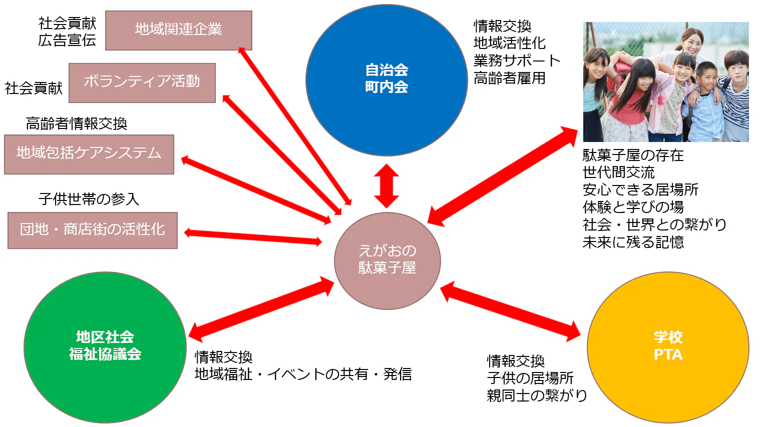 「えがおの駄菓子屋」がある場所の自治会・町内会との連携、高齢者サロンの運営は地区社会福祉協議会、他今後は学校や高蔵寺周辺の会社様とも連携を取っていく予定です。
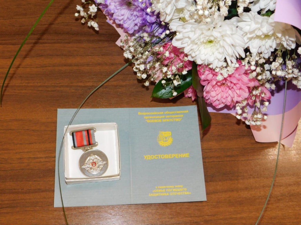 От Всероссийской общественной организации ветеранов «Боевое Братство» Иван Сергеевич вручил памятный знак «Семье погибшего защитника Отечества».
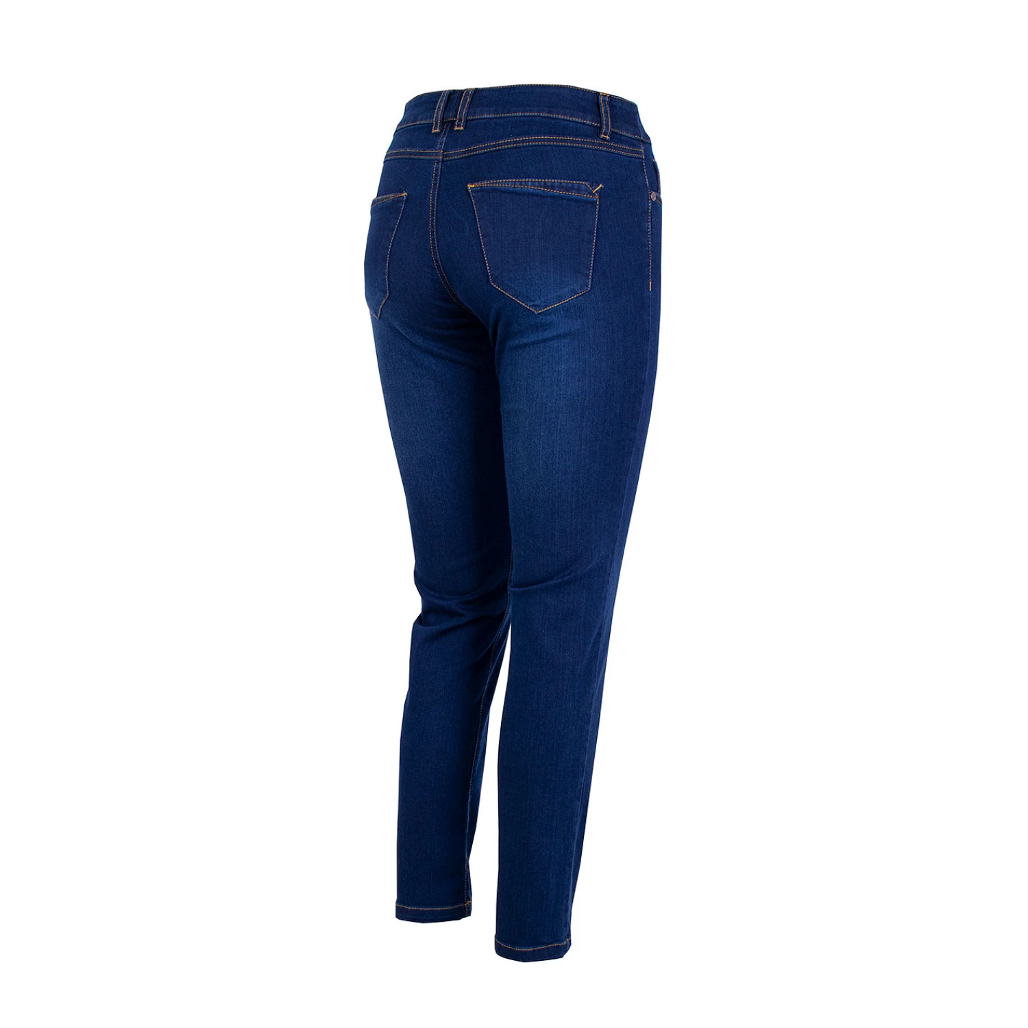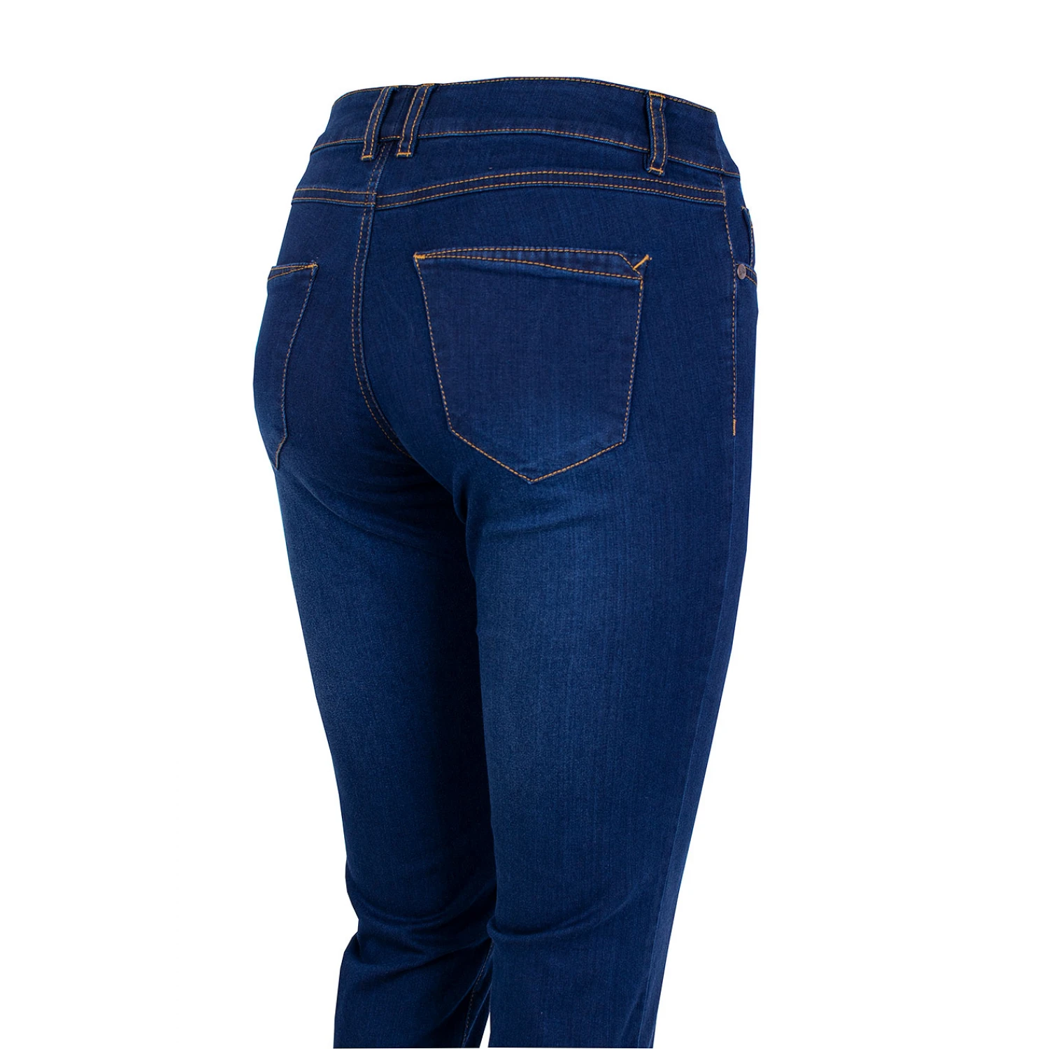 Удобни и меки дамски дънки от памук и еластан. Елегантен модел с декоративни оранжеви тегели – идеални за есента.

..............................

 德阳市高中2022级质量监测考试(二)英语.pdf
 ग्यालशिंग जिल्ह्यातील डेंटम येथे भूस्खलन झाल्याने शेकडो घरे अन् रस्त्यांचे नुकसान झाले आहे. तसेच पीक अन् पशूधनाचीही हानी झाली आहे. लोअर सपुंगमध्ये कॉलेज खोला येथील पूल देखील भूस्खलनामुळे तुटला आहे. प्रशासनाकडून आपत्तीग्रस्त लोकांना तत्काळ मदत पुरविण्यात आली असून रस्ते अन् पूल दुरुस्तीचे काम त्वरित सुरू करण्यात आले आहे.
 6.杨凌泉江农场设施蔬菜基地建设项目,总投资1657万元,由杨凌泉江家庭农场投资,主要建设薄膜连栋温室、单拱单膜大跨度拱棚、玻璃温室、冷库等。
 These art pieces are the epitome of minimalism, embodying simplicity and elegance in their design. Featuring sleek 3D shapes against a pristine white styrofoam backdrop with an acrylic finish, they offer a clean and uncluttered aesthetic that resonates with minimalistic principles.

..............................

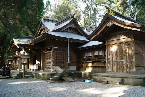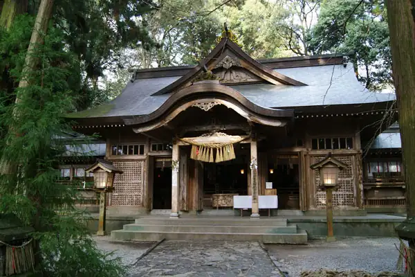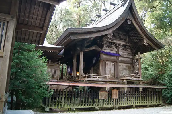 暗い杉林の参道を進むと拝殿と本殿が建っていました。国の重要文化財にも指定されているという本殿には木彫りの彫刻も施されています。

..............................

> Problem description
Take the line above containing "德阳市高中2022级质量监测考试(二)英语.pdf", the line containing "6.杨凌泉江农场设施蔬菜基地", and all lines in between, and copy them exactly without anything else.

> Output of the task
 德阳市高中2022级质量监测考试(二)英语.pdf
 ग्यालशिंग जिल्ह्यातील डेंटम येथे भूस्खलन झाल्याने शेकडो घरे अन् रस्त्यांचे नुकसान झाले आहे. तसेच पीक अन् पशूधनाचीही हानी झाली आहे. लोअर सपुंगमध्ये कॉलेज खोला येथील पूल देखील भूस्खलनामुळे तुटला आहे. प्रशासनाकडून आपत्तीग्रस्त लोकांना तत्काळ मदत पुरविण्यात आली असून रस्ते अन् पूल दुरुस्तीचे काम त्वरित सुरू करण्यात आले आहे.
 6.杨凌泉江农场设施蔬菜基地建设项目,总投资1657万元,由杨凌泉江家庭农场投资,主要建设薄膜连栋温室、单拱单膜大跨度拱棚、玻璃温室、冷库等。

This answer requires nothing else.